By instead allowing multiple units to be built, the same parcel of land could house two or three families, increasing density and affordability and pushing back against physical segregation. Economists like Edward Glaesar argue policies like these would boost economic growth and improve environmental outcomes.

How housing politics in Berkeley changed

Efforts to build more housing can run into opposition from groups that say they don’t want to change the character of their neighborhood, and others who fear that new housing will accelerate displacement of vulnerable communities. But as rising home values continued to change the community inexorably, Owens says, residents organized and coalesced around a vision of housing affordability they could get behind.

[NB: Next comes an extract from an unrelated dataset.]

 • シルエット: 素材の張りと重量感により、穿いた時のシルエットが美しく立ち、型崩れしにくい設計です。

“Tenants want more housing because more housing reduces rent. Homeowners want more housing—they want to add a subdivided addition, have their kids move back in with them. People saying, yeah, I want housing at my BART [commuter railway] station,” Owens said. In elections since 2014, a pro-housing majority has emerged on the city council.

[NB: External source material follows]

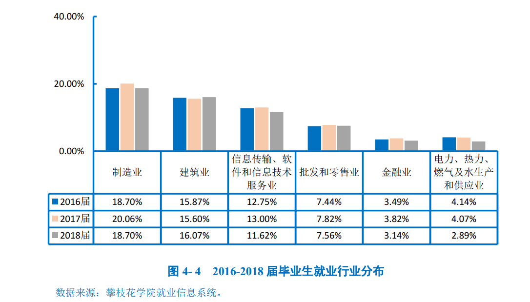 近年来,我校毕业生的就业行业分布较为广泛,覆盖了“制造业”、“建筑业”、“信息传输、软件和信息技术服务业”、“批发和零售业”等多个行业;从主要流向行业来看,毕业生在“建筑业”、“信息传输、软件和信息技术服务业”、“批发和零售业”和“金融业”的就业比例走势平稳。

Building that coalition required sometimes difficult conversations about racial disparities. “No one is saying you are a racist because you live in a single family home, and no one is saying that single-family homes are racist,” Owens explains. “What we are saying is, ‘making a law that the only kind of housing you can build is the most expensive kind of housing there is doesn’t make any sense and has a very racialized and class-based impact.'”

The contradiction of lefty Berkeley maintaining such a policy was epitomized by figures like Robert Reich, an influential progressive economist who supported an effort to make an unremarkable home into a landmark in order to block the development of 10 new housing units in his neighborhood.

“People started to have a different look at what message it sends that one of the most left-wing cities in America also has a shameful stain,” Owens says. “It’s responsible for us as a city that invented such a terrible law to be the one that rebukes it.”